§ PROBLEM
Give again, word for word, every line in the entries below from the line with "お問合せ | 小金井市民オペラI" up to and including the line with "Departamento tipo loft", and no other line.

§ INPUT FOR THIS TASK
•••••
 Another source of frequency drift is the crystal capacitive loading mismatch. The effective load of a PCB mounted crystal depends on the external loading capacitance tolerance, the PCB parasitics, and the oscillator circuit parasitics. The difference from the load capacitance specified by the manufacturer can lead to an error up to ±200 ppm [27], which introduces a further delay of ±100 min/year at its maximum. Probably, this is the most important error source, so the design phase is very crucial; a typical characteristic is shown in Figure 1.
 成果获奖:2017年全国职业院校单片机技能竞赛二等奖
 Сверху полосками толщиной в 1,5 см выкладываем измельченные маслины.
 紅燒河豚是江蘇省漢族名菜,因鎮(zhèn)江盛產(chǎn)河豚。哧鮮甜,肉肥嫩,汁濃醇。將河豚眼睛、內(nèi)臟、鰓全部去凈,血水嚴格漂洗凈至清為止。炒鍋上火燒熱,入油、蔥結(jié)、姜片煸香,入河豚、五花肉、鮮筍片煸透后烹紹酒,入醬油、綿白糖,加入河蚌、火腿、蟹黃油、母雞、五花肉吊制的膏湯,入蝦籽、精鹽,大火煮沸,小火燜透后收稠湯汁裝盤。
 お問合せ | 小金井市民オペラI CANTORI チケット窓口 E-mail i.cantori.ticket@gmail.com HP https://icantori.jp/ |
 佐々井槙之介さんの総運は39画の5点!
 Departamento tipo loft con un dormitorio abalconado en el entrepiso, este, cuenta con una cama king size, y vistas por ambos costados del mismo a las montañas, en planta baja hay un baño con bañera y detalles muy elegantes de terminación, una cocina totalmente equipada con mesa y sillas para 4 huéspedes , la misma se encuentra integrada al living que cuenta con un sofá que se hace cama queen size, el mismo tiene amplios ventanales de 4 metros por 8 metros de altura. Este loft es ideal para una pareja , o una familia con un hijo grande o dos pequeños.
•••••
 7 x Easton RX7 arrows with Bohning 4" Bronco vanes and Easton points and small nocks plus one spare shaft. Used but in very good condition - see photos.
•••••
§ EXERCISE RESPONSE
 お問合せ | 小金井市民オペラI CANTORI チケット窓口 E-mail i.cantori.ticket@gmail.com HP https://icantori.jp/ |
 佐々井槙之介さんの総運は39画の5点!
 Departamento tipo loft con un dormitorio abalconado en el entrepiso, este, cuenta con una cama king size, y vistas por ambos costados del mismo a las montañas, en planta baja hay un baño con bañera y detalles muy elegantes de terminación, una cocina totalmente equipada con mesa y sillas para 4 huéspedes , la misma se encuentra integrada al living que cuenta con un sofá que se hace cama queen size, el mismo tiene amplios ventanales de 4 metros por 8 metros de altura. Este loft es ideal para una pareja , o una familia con un hijo grande o dos pequeños.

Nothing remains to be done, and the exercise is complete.